Home recording and general music post from the archived Yabb Recording Website Message Board. Some of the info here may be outdated but many of the audio recording and home studio tips are still good. Note: The only tags I made and attempt to convert are italics, bold, center and underline. So if you see some gibberish surrounded by brackets, just ignore it.
Recording Website Archived Yabb board Post
Febuary 2001 Yabb Message Board Archive
Subject: PC Recording Workshops - Real Time
by Delta227 | 06/05/01 at 11:12:37
I presently record Lectures, Seminars, Workshops, etc. Some go up to 36 hours over several days. My equipment is wireless mics, mixer, compressor/limiter and anti-feedback computer for house feeds at mic level.
The recording equipment is a Sony Mini-Disk and a dual pocket Tascam 302 cassette deck all at line level.
I feed the Minidisk analog audio into Cakewalk Home Studio 8.0 for editing. However that has to be done in real-time so I have to double the time - record and then play (feed) into Cakewalk. Then I can do the editing. Most recordings are done on a 45 minute basis for C-90 cassettes as end product.
I want to do the recording in digital format to feed directly into Cakewalk without the analog to digital to analog to digital conversions.
I want to do all recording on a laptop if possible, with another nedia as backup.
Anyone know of products, processes, software, methods, etc that might help?
Jack@SeminarSounds.com
Subject: Re: PC Recording Workshops - Real Time
by Charlie | 06/19/01 at 12:55:25
You still haven't had a response?
I just found this forum but my needs are the same as yours.
We do recordings over the phone and at seminars and later distribute to members on cassette.
I've looked at minidisc but like you, I don't want to duplicate my efforts because I can't find a format that transfers faster than real time. Pretty disappointing considering DAT and minidisc are digital. Not much progress there.
I would use the laptop as the primary recording device and do a simultaneous recording to the minidisc 'just in case'.

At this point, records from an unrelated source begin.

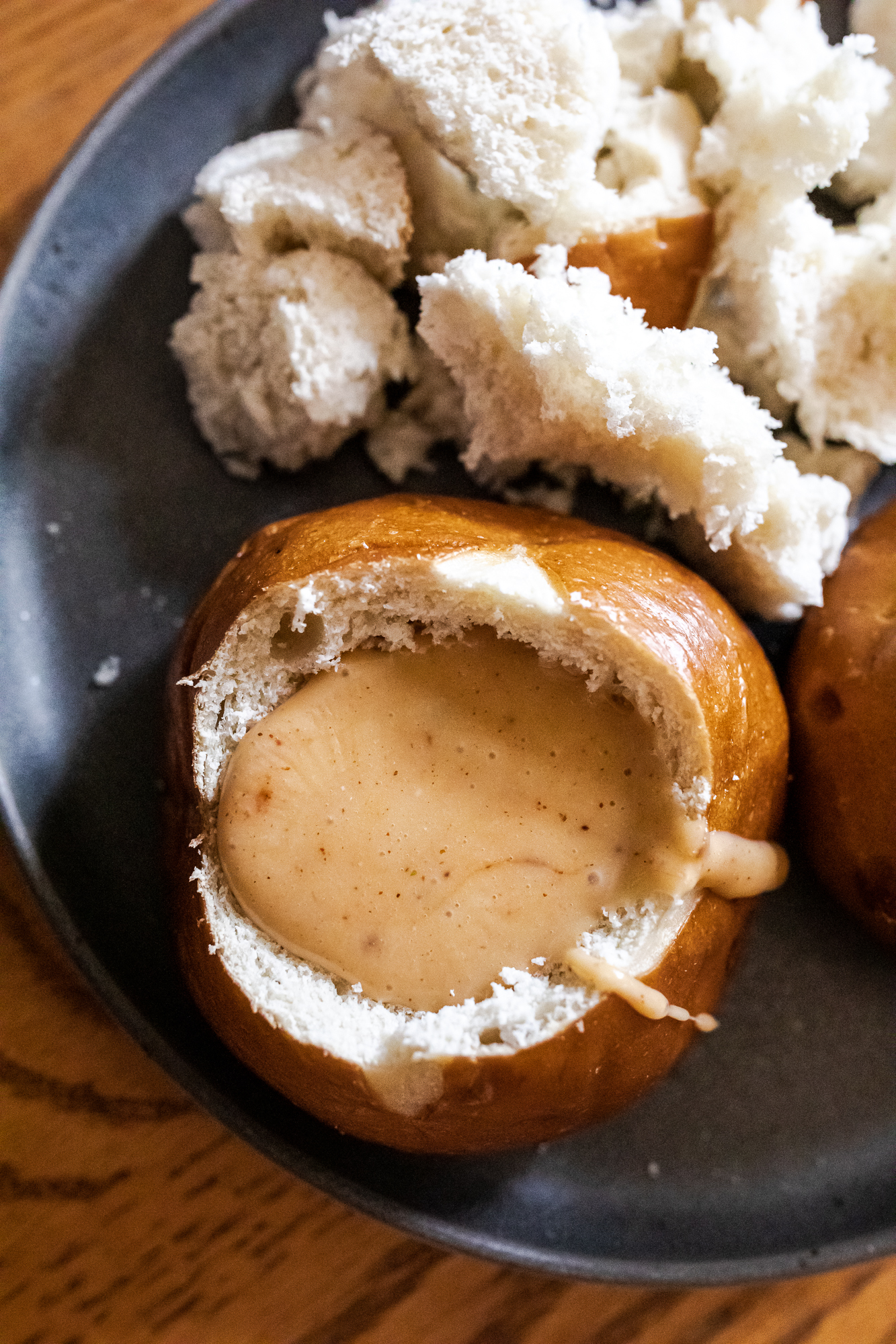 - Serve with torn up warm soft pretzels or pretzel rolls.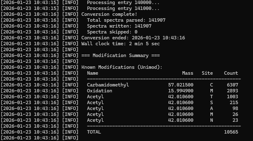 The BLIB to MSP Spectral Library Converter is written in Perl and uses the Mascot Parser library. On Windows, we recommend Strawberry Perl 5.32.1.1; on Linux, Perl is typically installed from your Linux distribution’s repository. Mascot Parser provide routines for handling modifications with Unimod and reading MSP files. The Mascot Parser licensing allows a developer to distribute code and applications that use the library as long as they do not charge any license fee for the application. Commercial licenses are also available.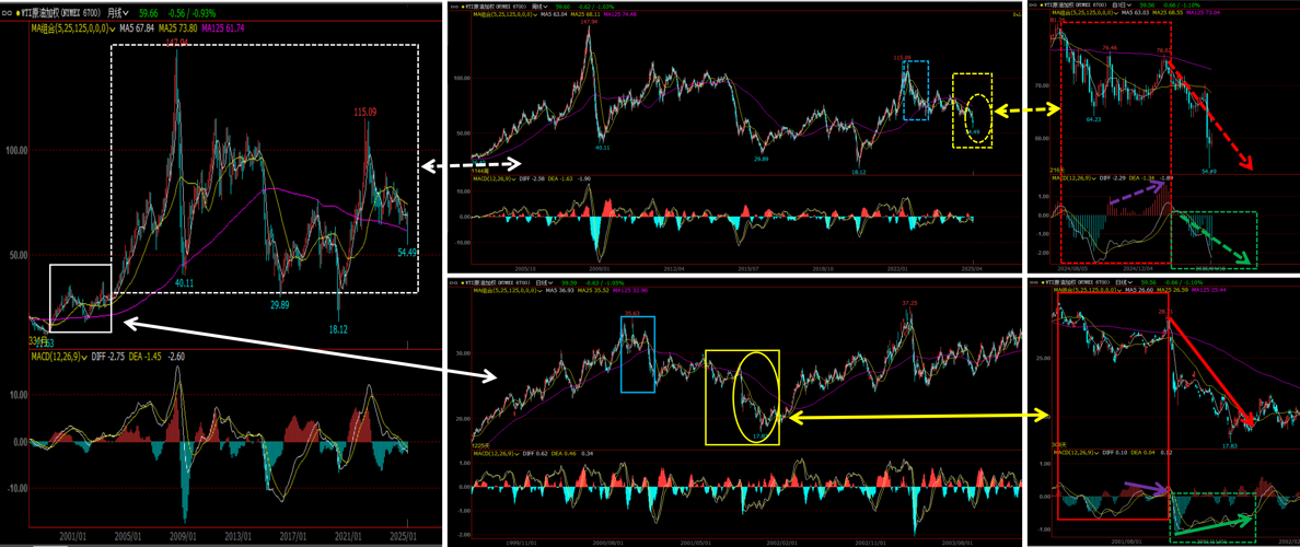 关于原油的宏观大级别走势结构,前几天终于触碰到了这个品种的走势结构本质真相,今晚继续深入后,走势结构的相关情况整理成了现在的帖子。 原油走势结构本质真相就是:白色实线框框与白色虚线框框,两个走势结构,后者的相比前者除了级别扩大特性之外,这两处的走势结构其实就是“同胚(镜像颠倒)”关系。谜底揭穿后,才发现真相居然如此简单。在此认知基础上,原先对于原油走势结构的千头万绪的各种揣摩思考,就一下子寻找到了...

For that I would look at an analog to USB convertor from the mixer to the laptop's USB port.
If that interests you I'll dig up my links to sources for those.

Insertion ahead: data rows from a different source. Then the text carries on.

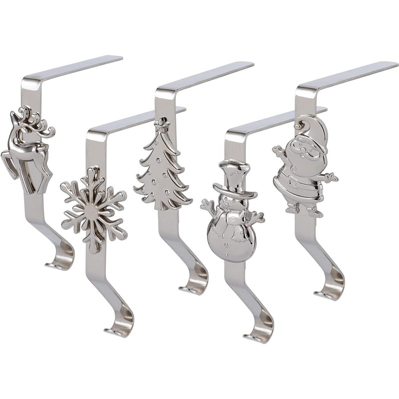 KAHEIGN 5Pcs Christmas Stocking Holders, 5 Styles Snowflake Reindeer Snowman Gnome Tree Metal Fireplace Stocking Hangers No-slip Mantel Stocking Hooks for Christmas Party Decoration (Silver)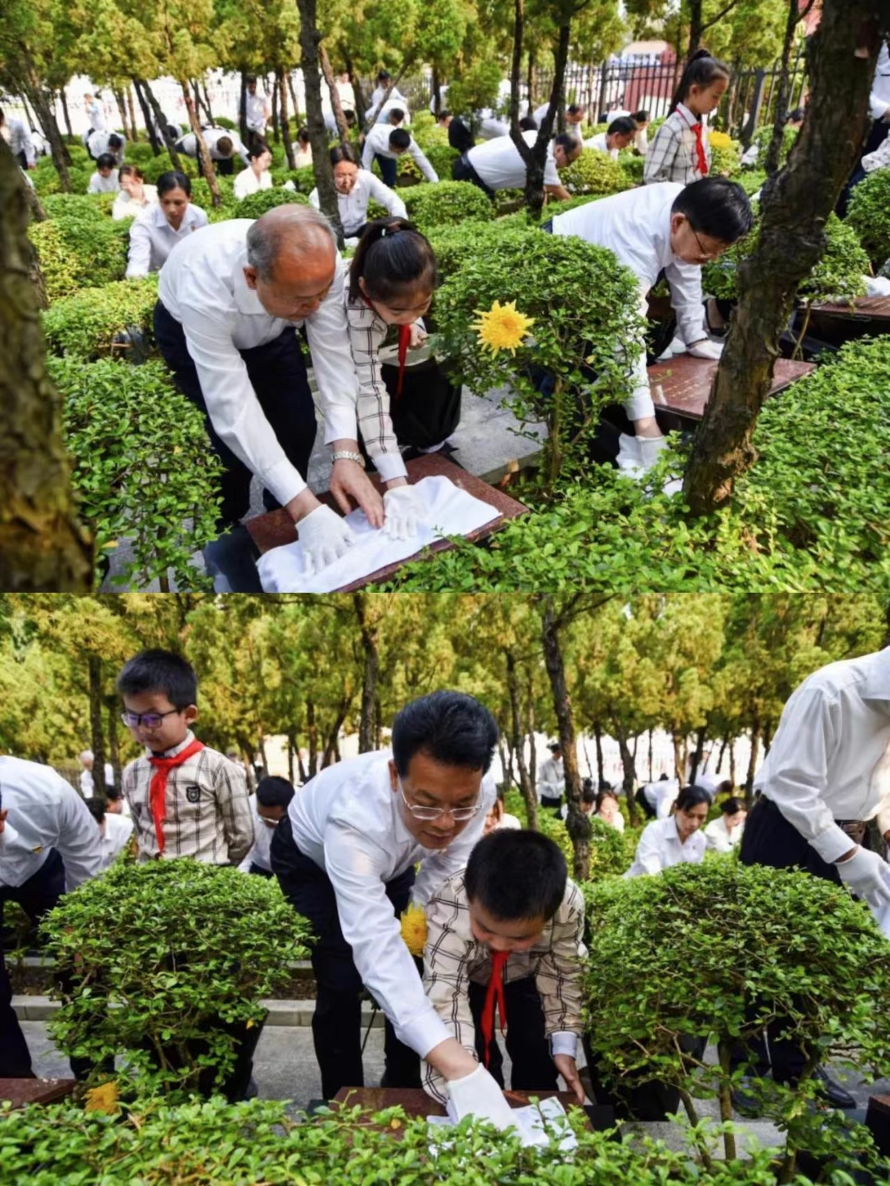 大家手持鲜花,缓步绕行纪念碑,瞻仰烈士英名墙后,来到烈士墓区,俯身于墓碑前,仔细擦拭墓碑,为每一座烈士墓献上鲜花,并行鞠躬礼,表达对先烈们的无限哀思和崇高敬意。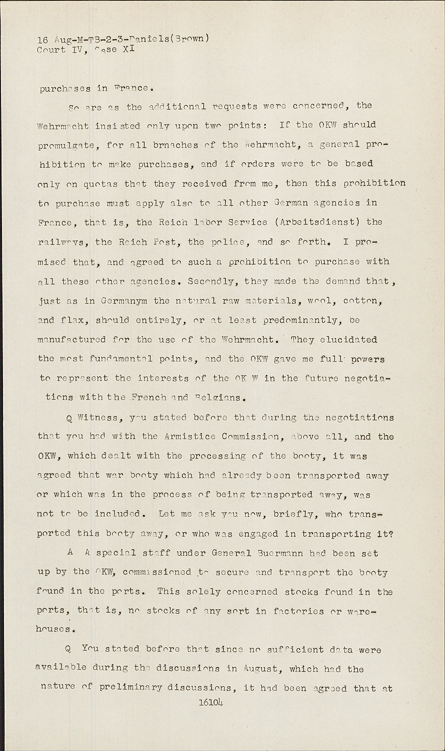 So are as the additional requests were concerned, the Wehrmacht insisted only upon two points: If the OKW should promulgate, for all branches of the Wehrmacht, a general prohibition to make purchases, and if orders were to be based only on quotas that they received from me, then this prohibition to purchase must apply also to all other German agencies in France, that is, the Reich labor Service (Arbeitsdienst) the railways, the Reich Post, the police, and so forth. I promised that, and agreed to such a prohibition to purchase with all these other agencies. Secondly, they made the demand that, just as in Germanym the natural raw materials, wool, cotton, and flax, should entirely, or at least predominantly, be manufactured for the use of the Wehrmacht. They elucidated the most fundamental points, and the OKW gave me full powers to represent the interests of the OK W in the future negotia tions with the French and Belgians.

From you, I'd like to know more about that feedback thingy.
And do you find a compressor/limiter better than a noise gate?
Charlie
Subject: Re: PC Recording Workshops - Real Time
by JR#97 | 06/19/01 at 13:30:04
Is the quality of going straight to PC going to make a difference? Not really. I've done mastering on many live lectures, seminars, etc and what makes the most difference is the room itself and the mic and/or speaker. A few AD/DA conversions won't make a difference unless you have really bad converters. Especially considering your final format is cassette. And also consider that 8 times out of 10 those tapes are played in the car.
If time is your biggest consideration, you may want to consider using digital video and importing into your pc via a firewire card. That way you can import faster than real time. Personally, I feel DAT is the way to go for lectures/seminars/voice stuff. Small, digital, easy to use and store.
Also, you don't have to import everything to PC to edit. Since it isn't music, you can stop/start anywhere. At least you're not stuck doing the tape, splice block, and band aid method!
Subject: Re: PC Recording Workshops - Real Time
by Angus_Podgorny | 06/19/01 at 18:46:31
Look into the Digigram™ V2 Laptop Sound Card. It has 24-bit converters and spdif in and out. Records 2 channels of audio simultaneously. I dunno... between what you have now and something like this, it sounds as though you'd be set.